En cambio, no podía soportar
el sufrimiento de los suyos, lo pasaba realmente mal. ¿Qué trataba de
transmitir mi madre con su preocupación por las dificultades que afectaban a su
familia? ¿Que éramos diferentes? ¿Especiales? ¿Que no nos podíamos salir del
esquema de éxitos y bienestar que ella
había previsto para nosotros? Contarle ciertas cosas podría ser demasiado
perturbador para ella. No podíamos hacerle eso. Tuvimos que aprender a
protegerla de algunos hechos. Otros los sufrió y los rezó con ahínco. En
cambio, nos encargábamos de acentuar cualquier éxito de sus hijas o de sus
nietos. Era normal llamarla para informarle de las buenas notas de nuestros
hijos, de los éxitos y los premios. De esta manera alimentábamos su intuición
de que estábamos hechos de otra pasta. Siempre pensé que en medio de la
fortaleza del carácter de mi madre, ésta era una veta de vulnerabilidad a tener
en cuenta, su talón de Aquiles. Probablemente eran restos que arrastraba de su
desamparo por quedarse sin madre de forma tan prematura, al final siempre salía
la huérfana de cuatro años que fue.
Y por otro lado, ¿por qué ella
no se quejaba jamás, ni nos pedía ayuda?
Su determinación por ser autónoma nos
dio alas, nos relevó del deber de preocuparnos por ella, pero a la vez nos acostumbró a no pensar en
ella como en alguien necesitada de nuestro apoyo, de nuestra atención. Eso no
era obligatorio, nunca lo exigió. Lo dejaba a nuestra voluntad. Sin quererlo
hizo que nuestro comportamiento fuera, algunas veces, algo desconsiderado.

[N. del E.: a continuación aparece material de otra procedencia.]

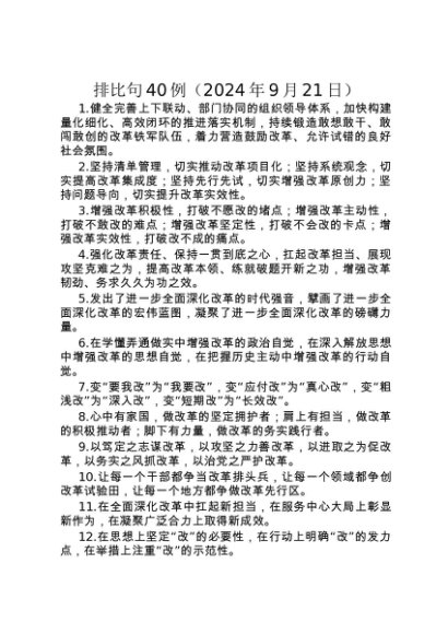 / 【七哥公文】2024年:排比句40例(2024年9月21日)+更多免费公文+VX:QiGeGongWen2024
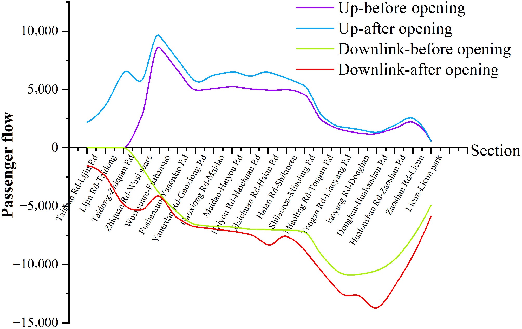 Figure 5 shows that beginning the second phase of operation of the first section substantially increases overall passenger flows along Line 2. The section of Line 2 with the largest upward passenger flow extends from Wu Si Square Station to Fushan Station. The downward passenger flow exhibits a greater range of variation than the upward passenger flow, where the section with the maximum passenger flow in the downward direction extends from Donghan Station to Hualou Mountain Road Station. The section with the maximum passenger flow over the entire day reaches 13,586 person-times. The start of the second phase of operation of the first section does not change the trend of passenger flows for any of the other sections, and the passenger flow through the first phase of the first section still decreases along the trains' direction.

Éramos capaces de volver a casa, siendo ya unas madres de familia hechas y
derechas, con la misma actitud de cuando nos fuimos de allí con dieciocho años.
Íbamos a que nos cuidará mamá, sin darnos cuenta de que los años habían pasado,
sin percatarnos de que quizás fuera ella quien necesitara ser cuidada. Ahora, a sus 85 años, había llegado el momento.